For Christmas dinner, our tour guide suggested that we had graduated from restaurants to eating real Vietnamese food in the markets. We enjoyed a beautiful and authentic meal surrounded with the sounds and smells of Vietnam, surrounded with good company, and missing our families together. We exchanged Secret Santa gifts and I was thrilled to receive my very first beer t-shirt... Tiger Beer!! I was also thrilled because I had no more clean clothes, but I kept that part to myself.

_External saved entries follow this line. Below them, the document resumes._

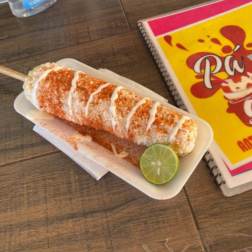 elote entero , con mantequilla , mayonesa queso en polvo , crema y chile limon polvo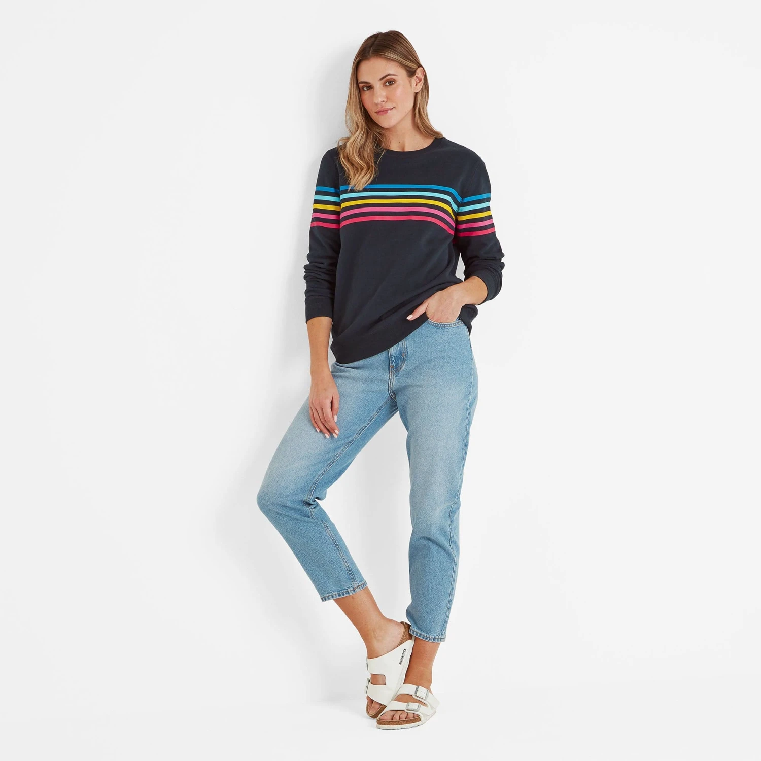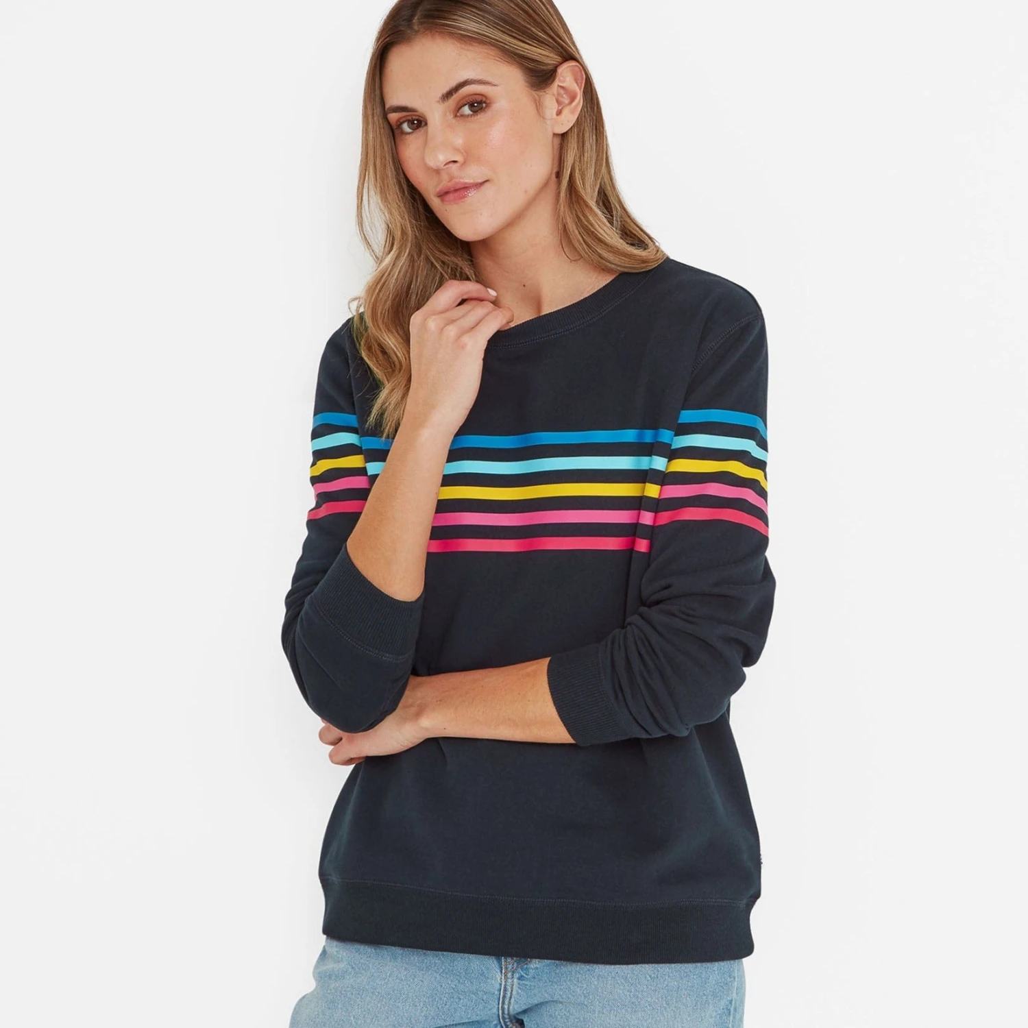 Designed for style, the Janie women’s sweatshirt showcases a sophisticated yet eye-catching printed stripe design across the chest that takes this lady’s sweatshirt to the next level. Produced from a sustainable cotton blend material that is cosy on the body and features a rib neck, cuffs and hem that keep breezes out, whenever you wear the Janie you’ll be toasty warm.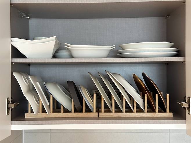 그릇은 사은품으로 받은 것 위주로 소량만 구비하고 있고 자주 쓰는 것들은 꺼내기 편하게 서랍에 수납 중입니다.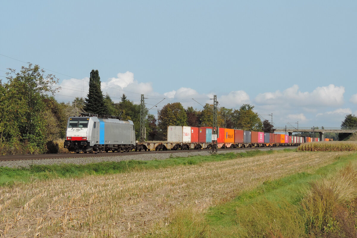 Hugsweier - 30. September 2023 : 186 496 mit einem KLV in Richtung Süden unterwegs.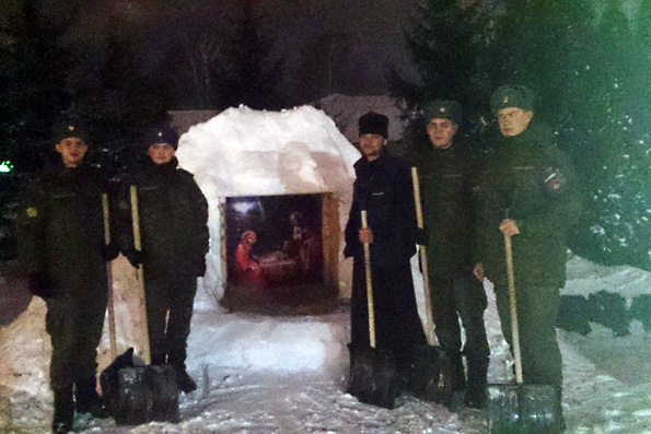 Также в преддверии праздника на территории военного училища курсанты вместе с отцом Виталием, который также является помощником начальника училища по работе с верующими, устроили Рождественский вертеп, что также уже стало доброй традицией в данном учебном заведении.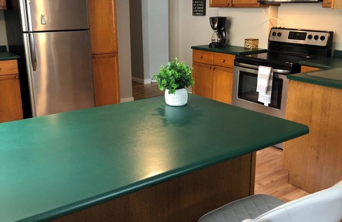 Prepare delicious meals in the functional kitchen, adorned with custom green countertops and stainless-steel appliances including an electric stove, dishwasher, and fridge. The kitchen comes stocked with essentials like a coffee maker with complimentary coffee and cooking basics. Gather around the spacious dining table with seating for six, where you can savor your culinary creations while soaking in the serene forestry views.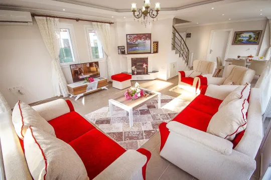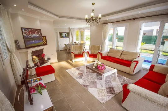Şık ve konforlu bir tasarımı bulunan villamızın içerisinde misafirlerimizin memnuniyeti düşünülerek tüm detaylar düşünülmüştür. Geniş ve yeşil bir bahçesi bulunan villamızda, çocuklu aileler ve kalabalık gruplar rahatlıkla konaklamalarını gerçekleştirebilir.Çiftlikköy Mevkiinde yer alan villamız Fethiye merkeze yaklaşık olarak 15 km mesafede yer almaktadır. Bu bölgede Kargı Çayı geçmekte olup portakal bahçelerinin çok olduğu bir yerdir. Bölgede sadece Türkiye'de yetişen Günlük ağacı ormanı bulunmaktadır. Eşsiz tatil için ideal bir konum olan bölge bu özellikleri sayesinde tercih sebebi olacaktır.Villamızın içerisinde toplam dört adet yatak odası ve üç adet banyo bulunmaktadır. Birinci yatak odası içerisinde çift kişilik yatak, klima ve WC-Duş, jakuzi bulunmaktadır. Diğer iki yatak odasında iki adet tek kişilik yatak ve klima, son yatak odasında ise çift kişilik yatak ve klima bulunmaktadır. Salonda klima, mutfak ve TV bulunmaktadır. Ortak kullanım iki adet WC-Duş bulunmaktadır.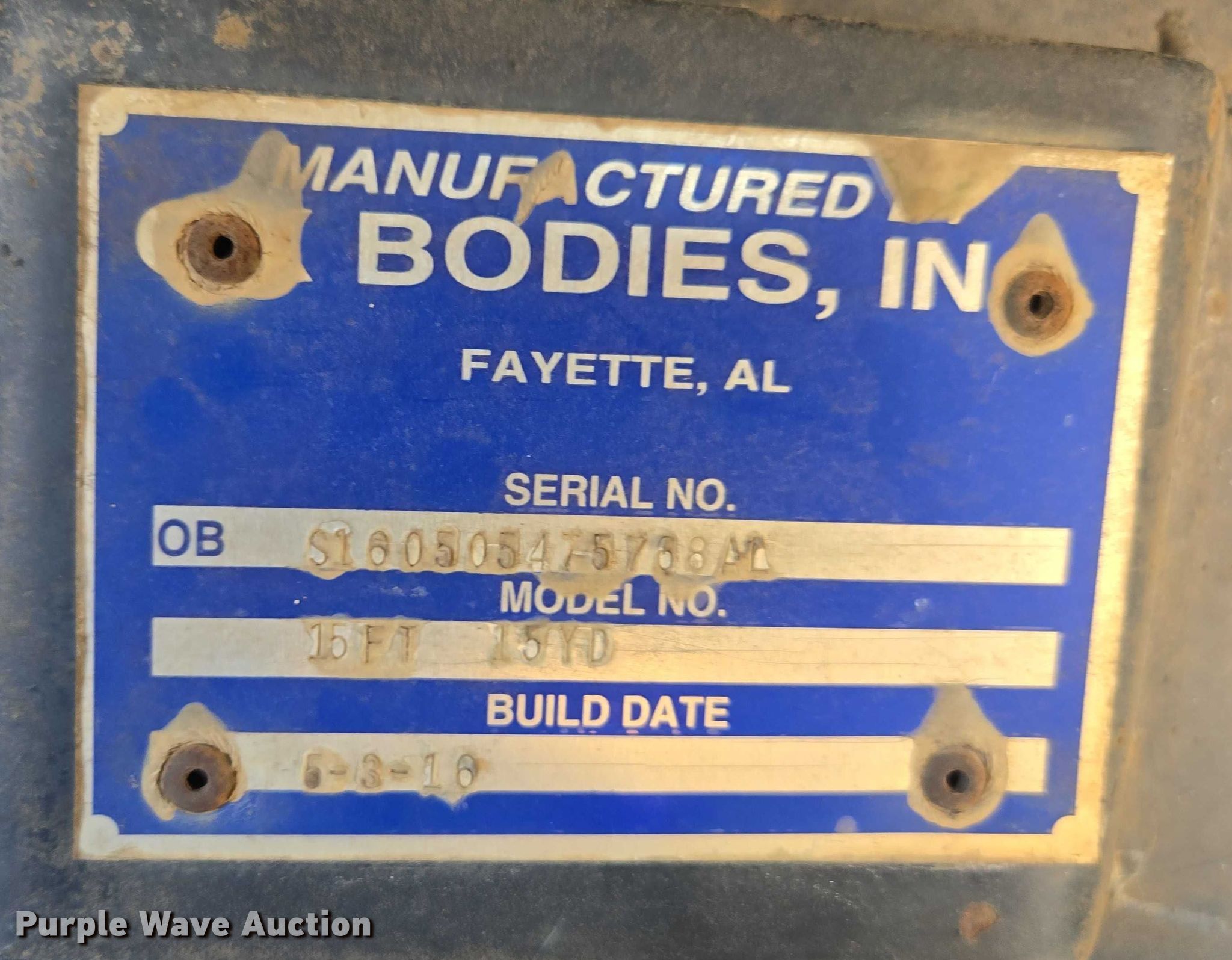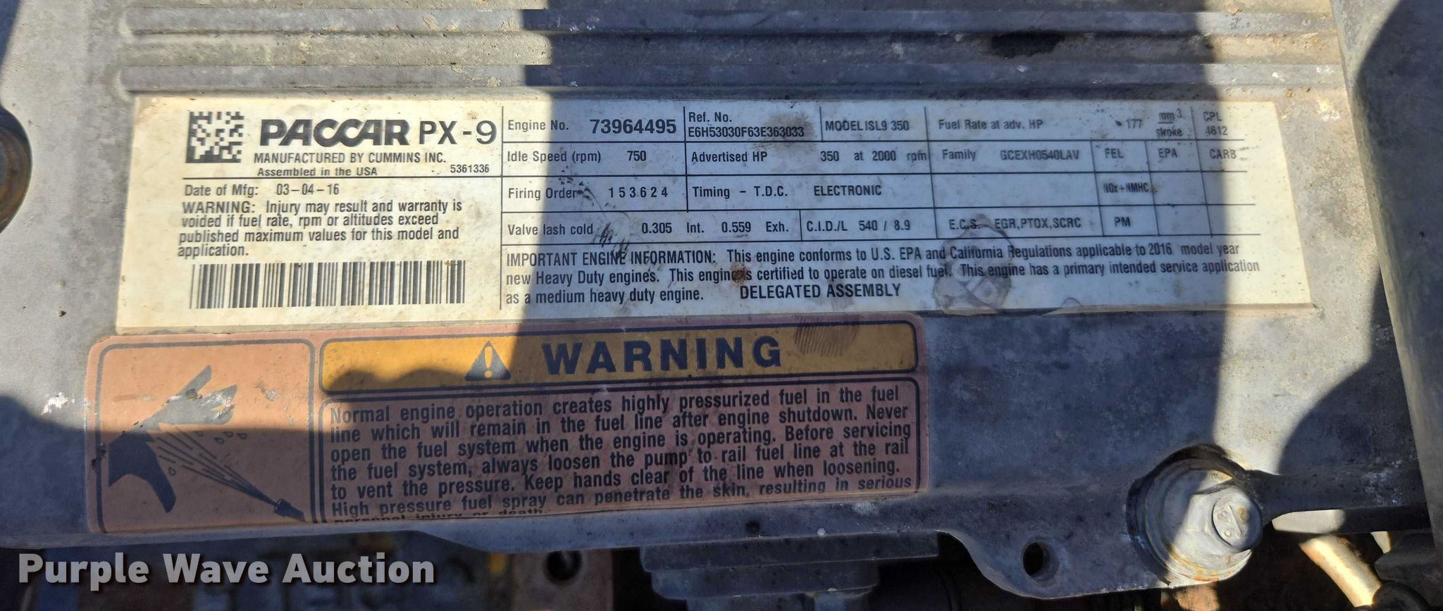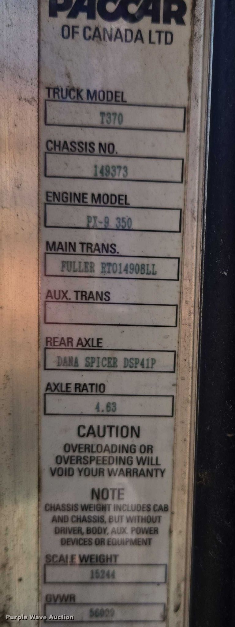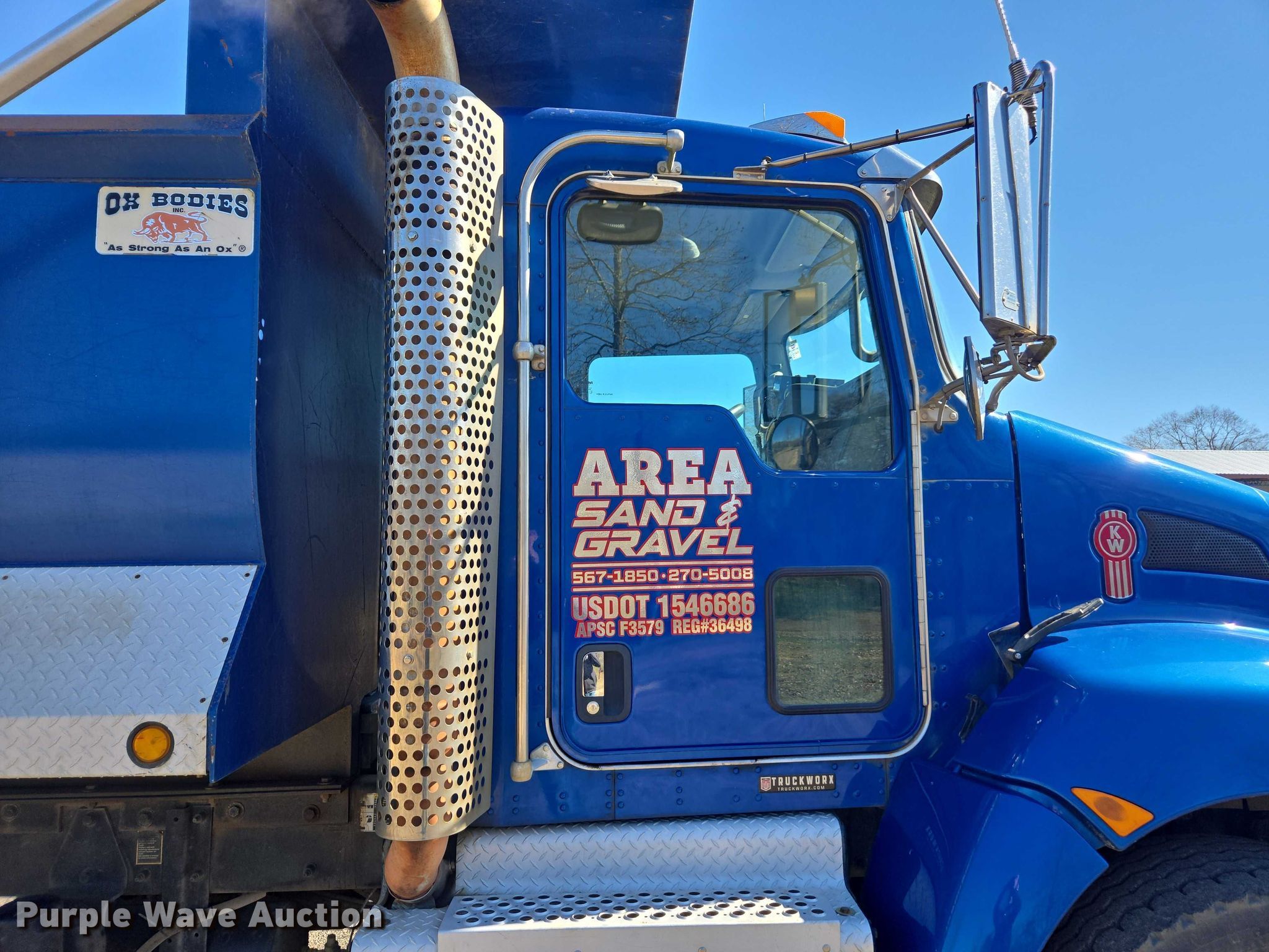 2017 Kenworth T370 dump truck. Miles: 448,739 on odometer, Hours: 19,150 on meter, VIN: 2NKHLJ9X7HM149373. Engine Paccar PX-9, Displacement: 8.9L, Cylinders: 6, Fuel type: Diesel, Engine brake. Transmission Eaton Fuller, Manual, Speed: 10. Chassis Double frame, Axles: Tandem, Differential lock: Full, Suspension: Spring, Brakes: Air, PTO, GVWR: 56,000 lbs. Interior AC, Heat, Heated mirrors, Power windows, Cruise control. Features Bed Dump bed, OX bodies, Length: 15', Width: 96", Side height: 45", Bed type: Steel, Roll tarp, Ram: Single, End gate: Air operated. Tires Front: 385/65R22.5, Rear: 11R22.5. Notes Decals will be removed prior to auction. Alabama title. Title distribution may be delayed up to 14 days from verification of funds. Area Sand & Gravel. Wetumpka, AL 36093

The next day, I headed off to Cambodia. The border crossing was the most interesting so far. Blatant and encouraged corruption was the order of the day. When asked for our medical certificates, most of us had them in our back packs. Not to worry, nothing "one dolla" won't cure. So, for one US dollar I purchased a yellow slip stating that I entered the country in perfect health. Needless to say, for another dolla I bought a speedy entry into Cambodia, a land of extremes that I could never have imagined. Good night everyone, I'm off to New Year's supper in Bangkok. Hope you are still enjoying the blogs, Allison


Comments
from the land of snow
Hi there,
Yes yes!!
still loving your travels and you Happy New Year.. my travel is on delay again, difficult flight situation with everyone now wanting to head South not to worry I will make it. your adventures are sounding to Die for 'aye so warm' and interesting keep up the kayaking the perfumed pools sound delightful.
Ken
bonne année des lemele
Salut Allison. Tu écris magnifiquement et c,est toi qui va maintenant nous guider lors de notre prochain voyage. Ici il neige tous les jours, ta coloc a déblayé le tôit et moi je suis allé vérifier dedans ... tout va bien. je te souhaite de bien continuer ce voyage, bonne année 2008 et bonne santé,amitiés
Thérèese et GUy
Happy New Year
Happy new year to you! Sounds like you are having an incredible time. We're thinking of you!